What has gone wrong, says Joe Counter, is the proliferation of shots in the first two years of life containing thimerosal, a preservative designed by Eli Lilly that is 50 percent ethyl mercury.

It begins right at birth with immunization for Hepatitis B, which is repeated in two more shots. This is followed in due order by immunizations in two or three doses each whose number has doubled since the 1970's.

No doubt this has benefited many children, but not necessarily all of them. Cases of autism have leapt by 200-to- 600 percent in every state. According to Andrew Waters, a Dallas attorney who represents the families of several autistic children, including the Counters, the illness began to be noticed in 1943, not long after thimerosal was introduced as a vaccine preservative in the 1930's. By the middle of the last decade, it had grown into such an epidemic that alarms rang out on all sides.

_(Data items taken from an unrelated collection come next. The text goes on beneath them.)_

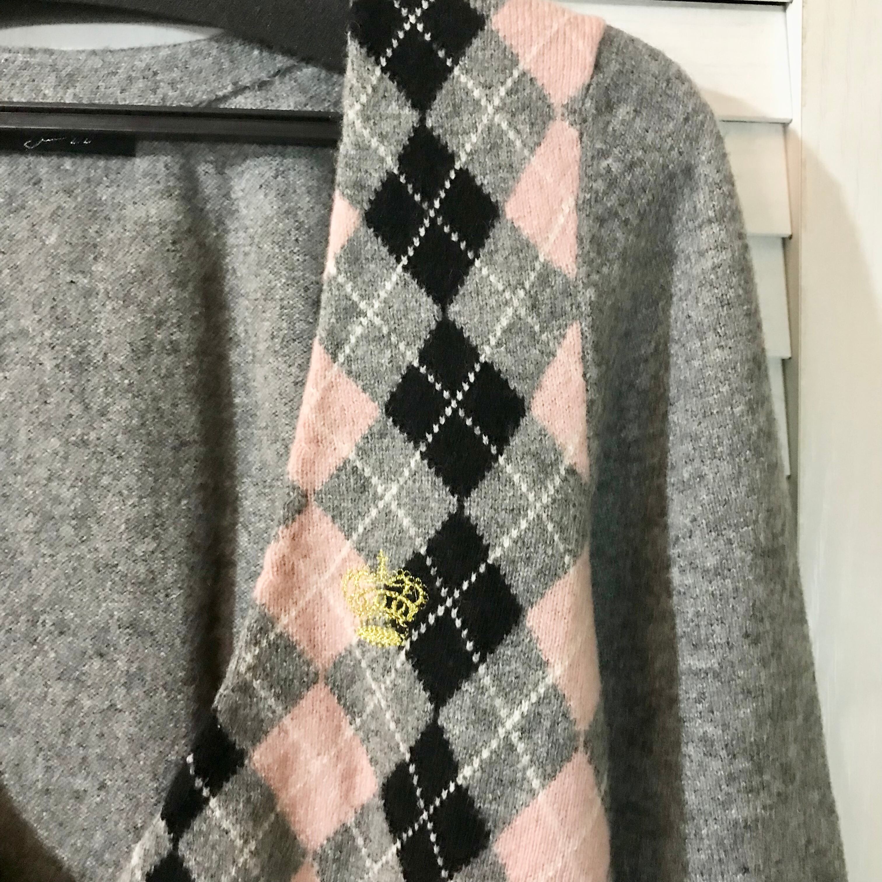 Candy Stripper クラウン刺繍のアーガイルウールニットカーデ グレー | お洋服屋さん 『GOKKO』
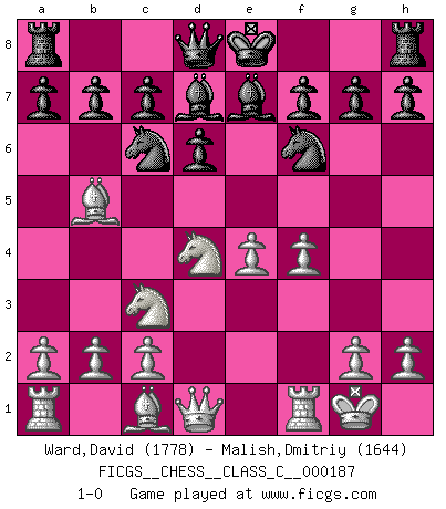 Last move : 1-0 2012 April 8 23:32:5 [Event "FICGS__CHESS__CLASS_C__000187"] [Site "FICGS"] [Date "2012.02.23"] [Round "1"] [White "Ward,David"] [Black "Malish,Dmitriy"] [Result "1-0"] [WhiteElo "1778"] [BlackElo "1644"] 1.e4 e5 2.Nf3 Nf6 3.Nc3 Nc6 4.Bb5 d6 5.d4 exd4 6.Nxd4 Bd7 7.O-O Be7 8.f4 1-0 This chess game has been lost on time (started : 2012.02.23 20:48:57) Petrov Three knights game Kingside Castling by player White (move 7) Player White won this chess game. Follow this game move after move (download)The passed Pawn is a criminal, who should be kept under lock and key. Mild measures, such as police surveillance, are not sufficient. (Aaron Nimzovich) Die Idee von Capablanca, Schach als Fach in den Schulen zu lehren, ist großartig. (Fidel Castro) Yo tuve un dolor de muelas en la primer partida. En el segundo juego, tuve un dolor de cabeza. En el tercero, tuve un ataque de reumatísmo. En la cuarta partida, no me sentía muy bien. ¿Y en el quinto juego? Bueno, ¿que acaso uno tiene que ganar todos los juegos?. (Siegbert Tarrasch) On a dit que l'homme se distingue de l'animal par le fait qu'il achète plus de livres qu'il ne peut en lire. Je voudrais suggérer qu'inclure à la liste des livres quelques livres d'échecs rendrait la distinction manifeste. (Edward Lasker) I would love to change the world, but they won't give me the source code. (Unknown)
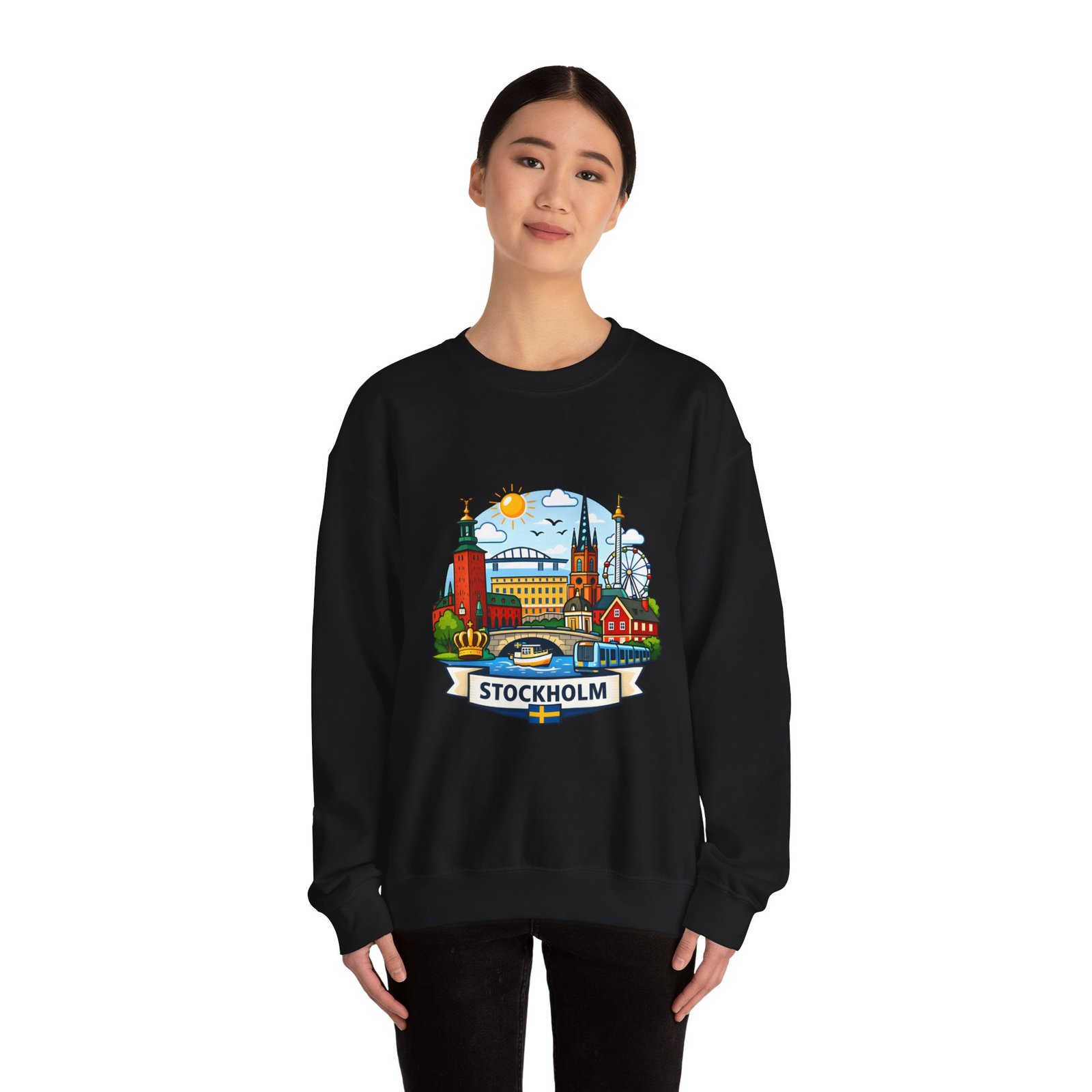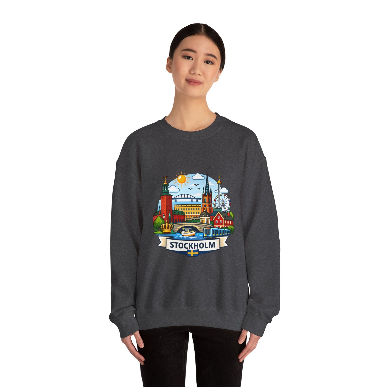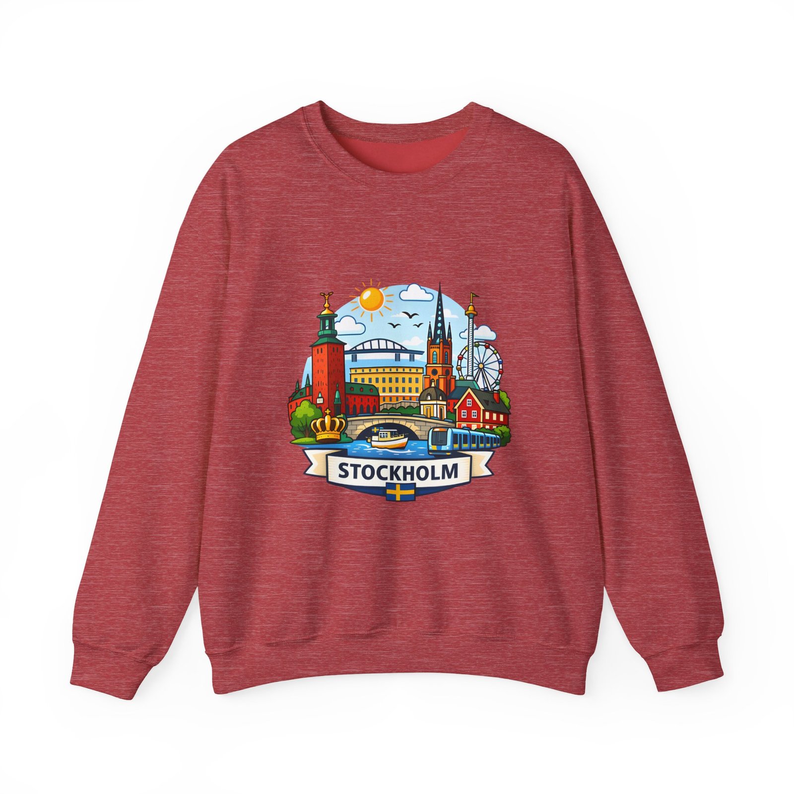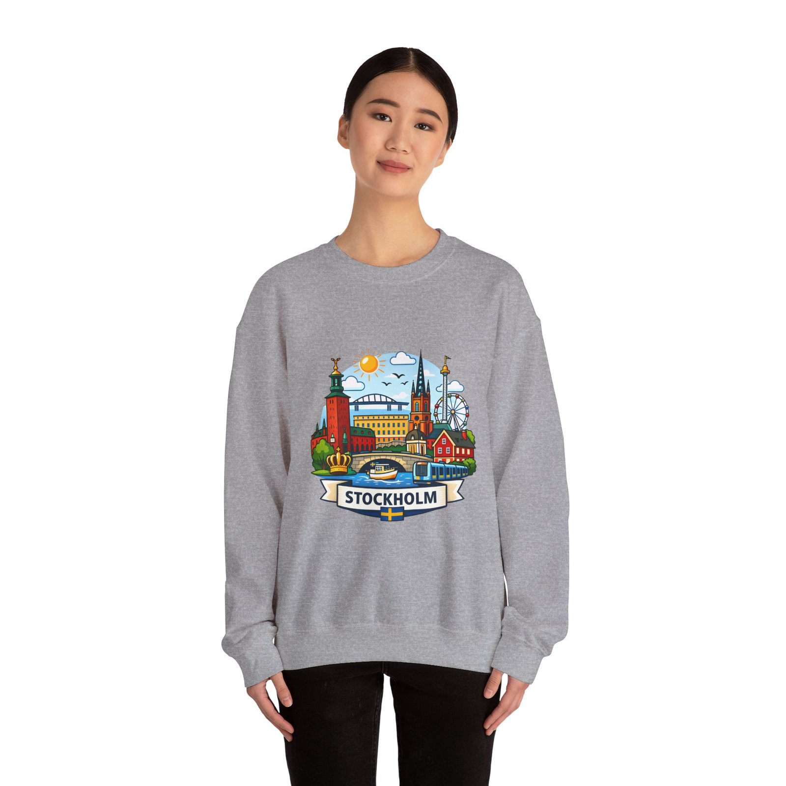 This cozy crewneck brings Stockholm home in soft, lived-in comfort. The midweight 50/50 cotton–poly blend holds a bright, detailed cityscape print on the front that pops against the clean white fabric. Tubular knit construction and ribbed collar keep the silhouette tidy, while double-needle stitching and reinforced seams mean this sweatshirt stands up to frequent wear. It’s breathable yet warm — the kind of layer you reach for on cool mornings, museum days, or long walks along the waterfront. The graphic captures familiar spires, ferris-wheel evenings, and sunlit streets, turning a simple sweatshirt into a small, wearable ode to the city.
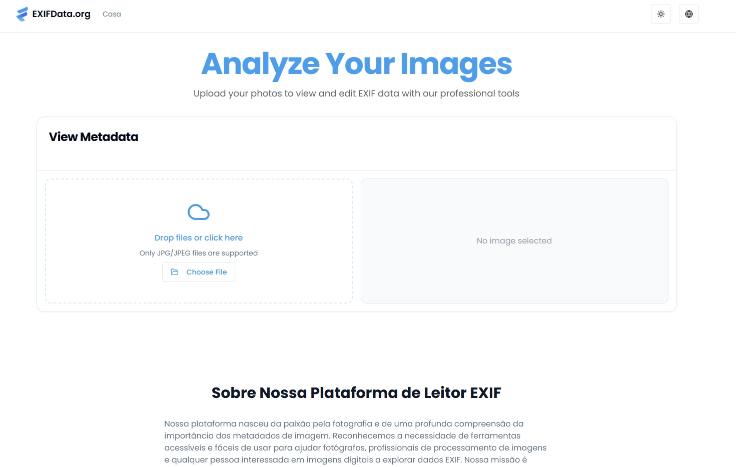 View and analyze EXIF data instantly with EXIFData. org. Extract camera model, exposure time, aperture, ISO, GPS location, and more. Upload an image to start!View and analyze EXIF data instantly with EXIFData. org. Extract camera model, exposure time, aperture, ISO, GPS location, and more. Upload an image to start!
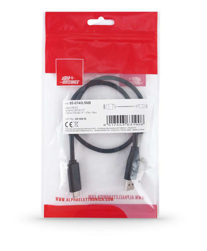 ALPHA ELETTRONICA - Cavo USB 2.0 da USB tipo-A maschio a USB tipo-C maschio - 0,48 Gbps - 0,5m - Nero
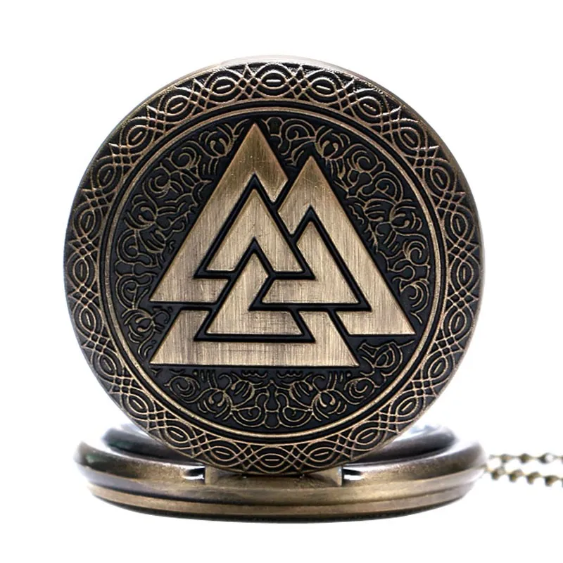 Pocket & Fob Watches-Three Interlocking Triangles Norse Mythology Antique Style Pocket Watch Full Hunter Women Men Analog Fob Watch Best Gift
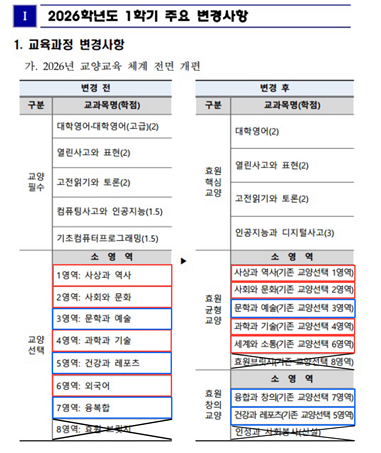 7. 교양필수 2026 교육과정 주요 변경 사항
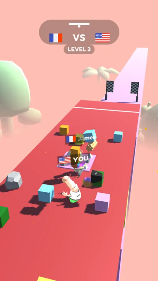 Collect the items. Stack it on your side and crash the seesaw on your side.
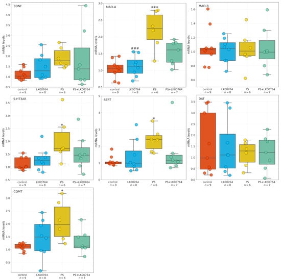 Effects of LK00764 treatment on striatal gene expression in a rat model of CPTSD. Boxplots illustrate the distribution of mRNA expression levels for SERT, 5-HT3A, MAO-A, MAO-B, COMT, and BDNF across experimental groups. * = effect compared to control group; # = effect compared to PS group; * p < 0.05; ** p < 0.01; *** p < 0.001; # p < 0.05; ## p < 0.01.
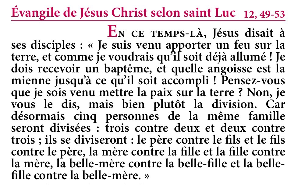 Évangile de Jésus-Christ selon saint Luc 12,49-53.
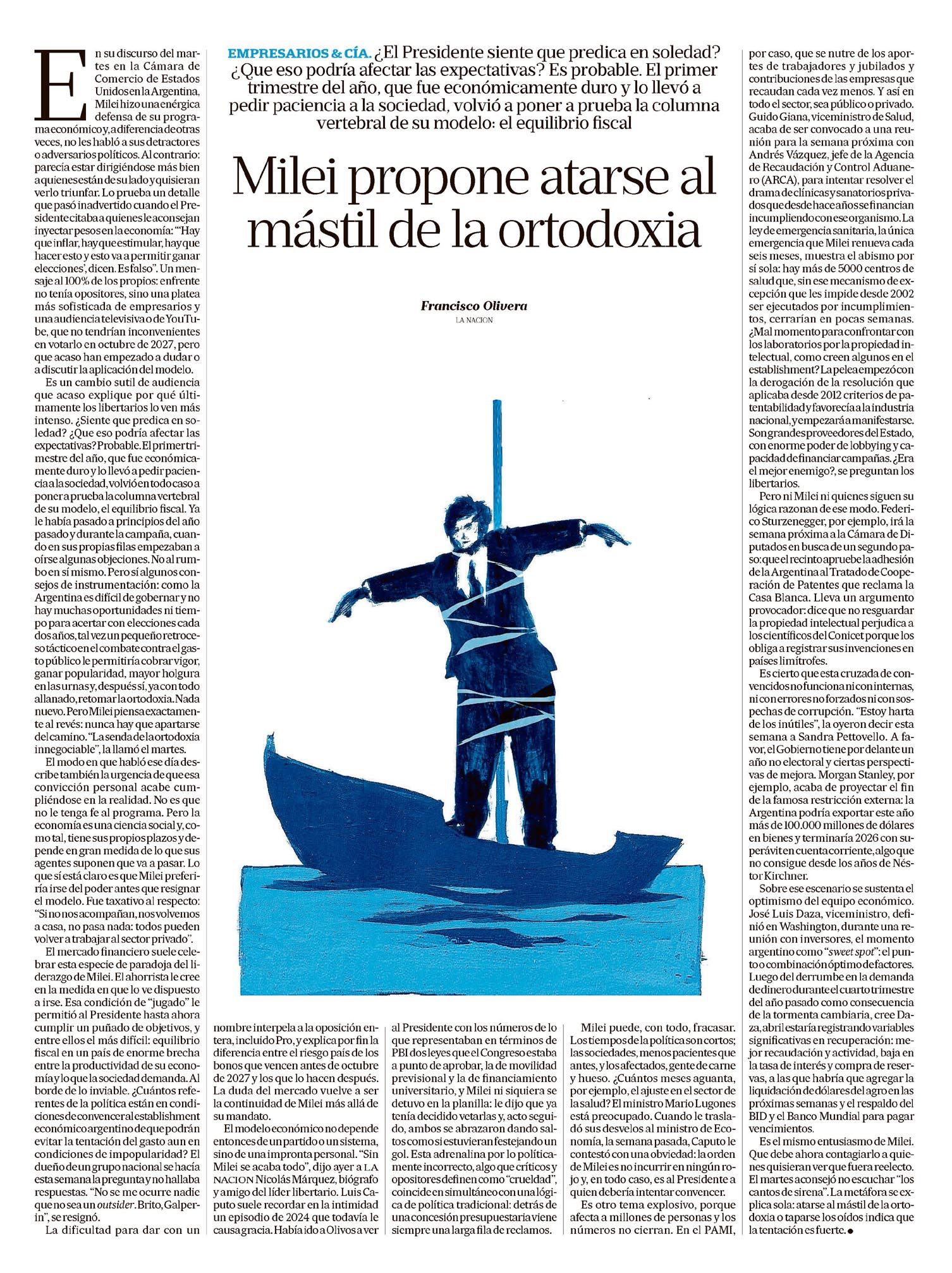Olivera analiza el discurso reciente de Milei en la Cámara de Comercio de Estados Unidos, donde el candidato defendió enérgicamente su programa económico. El autor destaca que Milei busca atarse a la ortodoxia económica para ganar legitimidad, diferenciándose de sus detractores y tratando de consolidar su imagen frente a inversores y sectores formales.
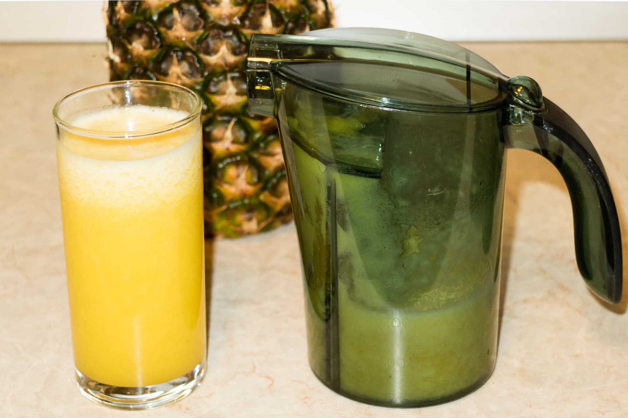 Сок насыщенный по вкусу, хотя и густоватый. Ячейки сетки сепаратора засорились несильно. Несколько смутил нас непереработанный кусок. Выход сока составил чуть менее 50%. Для сложного в переработке ананаса полученный результат можно оценить как средний.
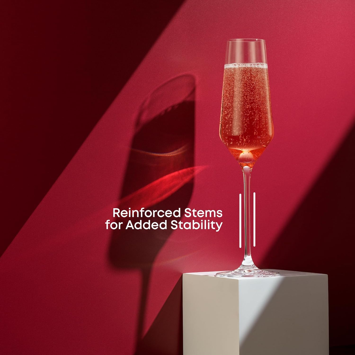 - UNIQUE DRINKING EXPERIENCE: These crystal glasses have an ergonomic design with reinforced stems for added stability, plus uniform rims which provide a comfortable drinking experience. The tapered design of the bulbs is meant to minimize bubble loss, allowing you to enjoy your favorite drink for longer!
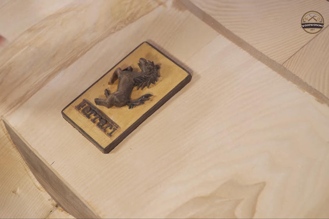 Sau khi đã hài lòng với khung gầm, Woodworking Art chuyển sang chế tác khung gỗ bên ngoài với từng chi tiết nhỏ nhất trên xe nguyên bản cũng được cân nhắc đến. Ta có thể thấy gương bên, gạt mưa cho tới cả logo ngựa chồm của Ferrari đều được phác thảo lại cực kỳ chính xác.
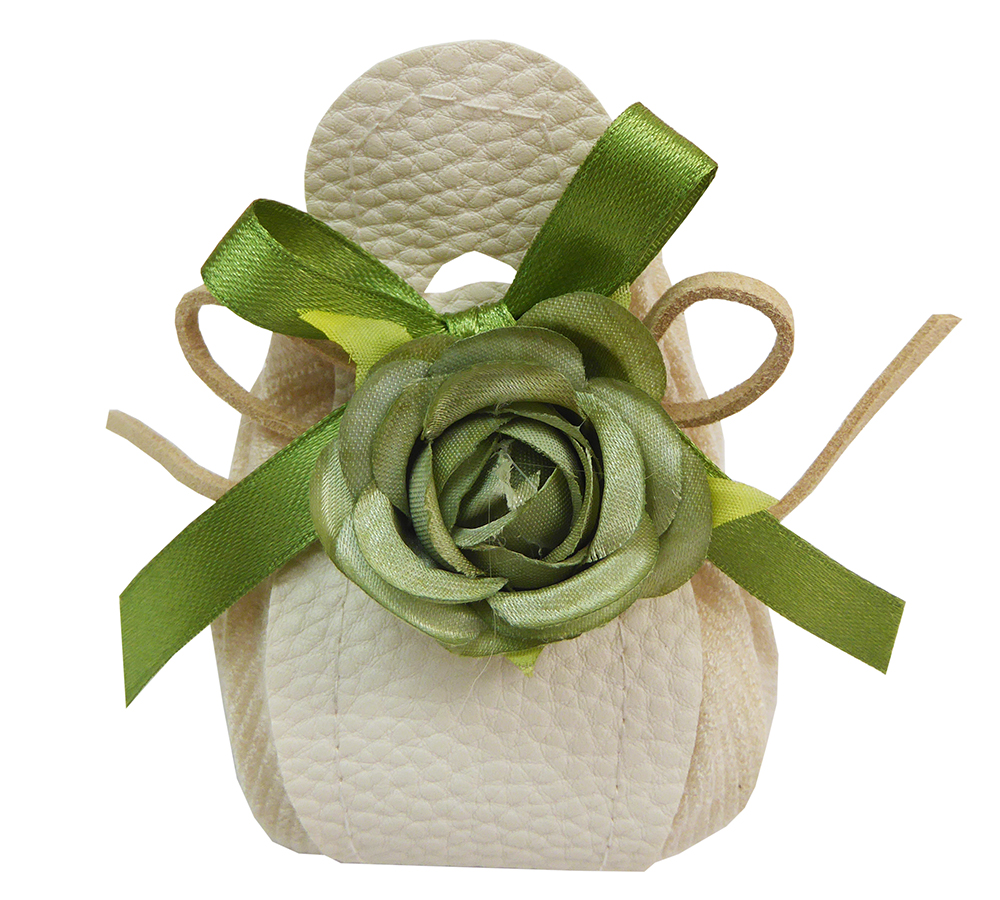 Bomboniera per Matrimonio composta da sacchetto misto in ecopellle e cotone in colorazione bianco con chiusura in colorazione bianca, nastro doppio raso verde, e applicazione fiore aritficiale in tessuto verde. LA BOMBONIERA VIENE SPEDITA COME IN FOTO, IL COLORE E GUSTO DEI CONFETTI E BIGLIETTO STAMPATO SU VOSTRA INDICAZIONE A ZELDABOMBONIERE@GMAIL.COM. IN MANCANZA DI SPECIFICHE INSERIREMO CONFETTI ALLA MANDORLA IN COLORE BIANCO E BIGLIETTI BIANCHI.

Finally, in 1999, the Environmental Protection Agency and the Food and Drug Administration directed manufacturers to take thimerosal out of their childhood vaccines. Gradually it has disappeared, though some medical practitioners have insisted on using all their existing supplies. For this reason, some who follow this issue closely advise parents to ask doctors for the single-dose vial, not a multiple-dose vial which has the old mixture. Also, flu shots still have mercury, and that needs to change since they are recommended for children between six and 23 months by the Centers for Disease Control.

The Counters were dealt a blow when Congress included in the Homeland Security Bill a provision exempting from liability companies that manufacture vaccines, including Eli Lilly, which got out of the thimerosal business in 1991, but its licensees continued. All now face costly litigation, or they did until this rescue action by Congress.

The Counters now can turn to the National Vaccine Injury Compensation Program established in 1986, where the maximum they can receive is $250,000, plus attorney's fees. However, the cost of treating autism is not covered by insurance, so their needs are great. Republican leaders in Congress and the White House have promised to help by rescinding the vaccines liability measure in the first spending bill of the new year. This is a promise they really must keep.

Lee Cullum is a frequent contributor to The Dallas Morning News and to KERA.